How to complete this task:
When you transcribe the listing, keep each line exact and drop the pictures.

Exercise data below:

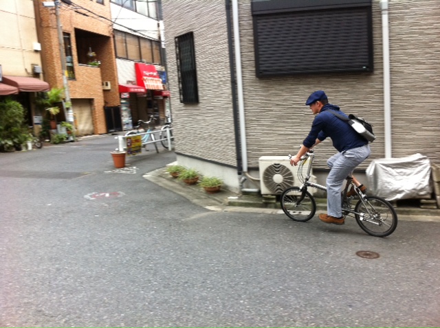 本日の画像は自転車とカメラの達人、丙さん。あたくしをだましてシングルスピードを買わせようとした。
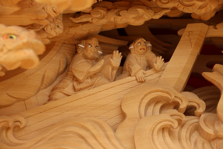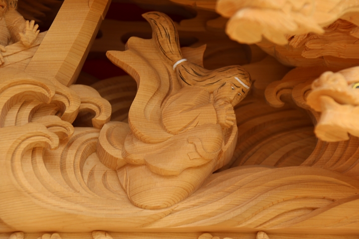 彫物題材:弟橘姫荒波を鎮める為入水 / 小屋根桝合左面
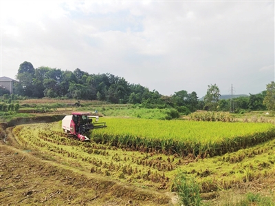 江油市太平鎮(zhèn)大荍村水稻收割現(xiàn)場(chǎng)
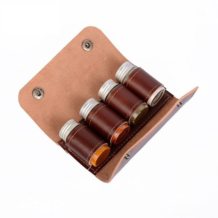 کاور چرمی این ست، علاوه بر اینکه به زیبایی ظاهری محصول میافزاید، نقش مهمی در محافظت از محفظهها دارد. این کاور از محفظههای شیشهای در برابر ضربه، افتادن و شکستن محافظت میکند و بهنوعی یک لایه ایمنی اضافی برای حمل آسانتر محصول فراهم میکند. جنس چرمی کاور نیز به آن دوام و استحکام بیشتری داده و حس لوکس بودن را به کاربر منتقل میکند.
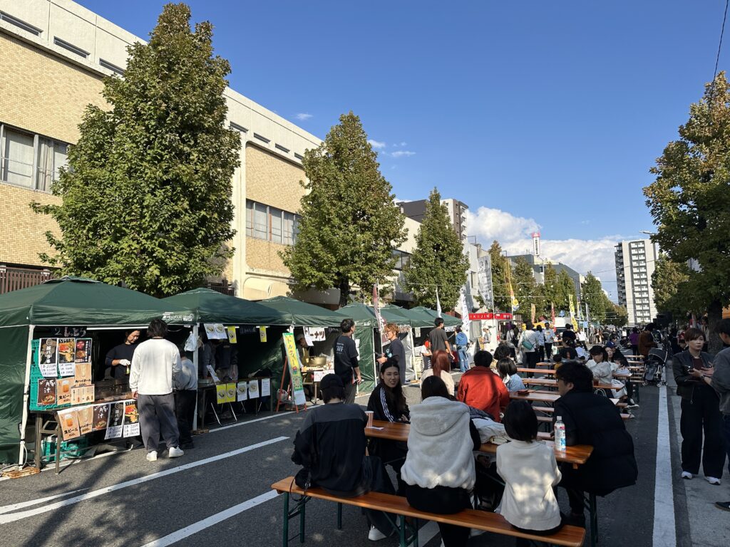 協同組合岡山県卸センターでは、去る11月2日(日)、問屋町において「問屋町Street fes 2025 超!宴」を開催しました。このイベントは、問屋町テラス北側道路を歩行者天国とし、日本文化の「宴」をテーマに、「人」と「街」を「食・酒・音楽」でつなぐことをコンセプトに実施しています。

End of Exercise data.

Written response:
 本日の画像は自転車とカメラの達人、丙さん。あたくしをだましてシングルスピードを買わせようとした。
 彫物題材:弟橘姫荒波を鎮める為入水 / 小屋根桝合左面
 江油市太平鎮(zhèn)大荍村水稻收割現(xiàn)場(chǎng)
 کاور چرمی این ست، علاوه بر اینکه به زیبایی ظاهری محصول میافزاید، نقش مهمی در محافظت از محفظهها دارد. این کاور از محفظههای شیشهای در برابر ضربه، افتادن و شکستن محافظت میکند و بهنوعی یک لایه ایمنی اضافی برای حمل آسانتر محصول فراهم میکند. جنس چرمی کاور نیز به آن دوام و استحکام بیشتری داده و حس لوکس بودن را به کاربر منتقل میکند.
 協同組合岡山県卸センターでは、去る11月2日(日)、問屋町において「問屋町Street fes 2025 超!宴」を開催しました。このイベントは、問屋町テラス北側道路を歩行者天国とし、日本文化の「宴」をテーマに、「人」と「街」を「食・酒・音楽」でつなぐことをコンセプトに実施しています。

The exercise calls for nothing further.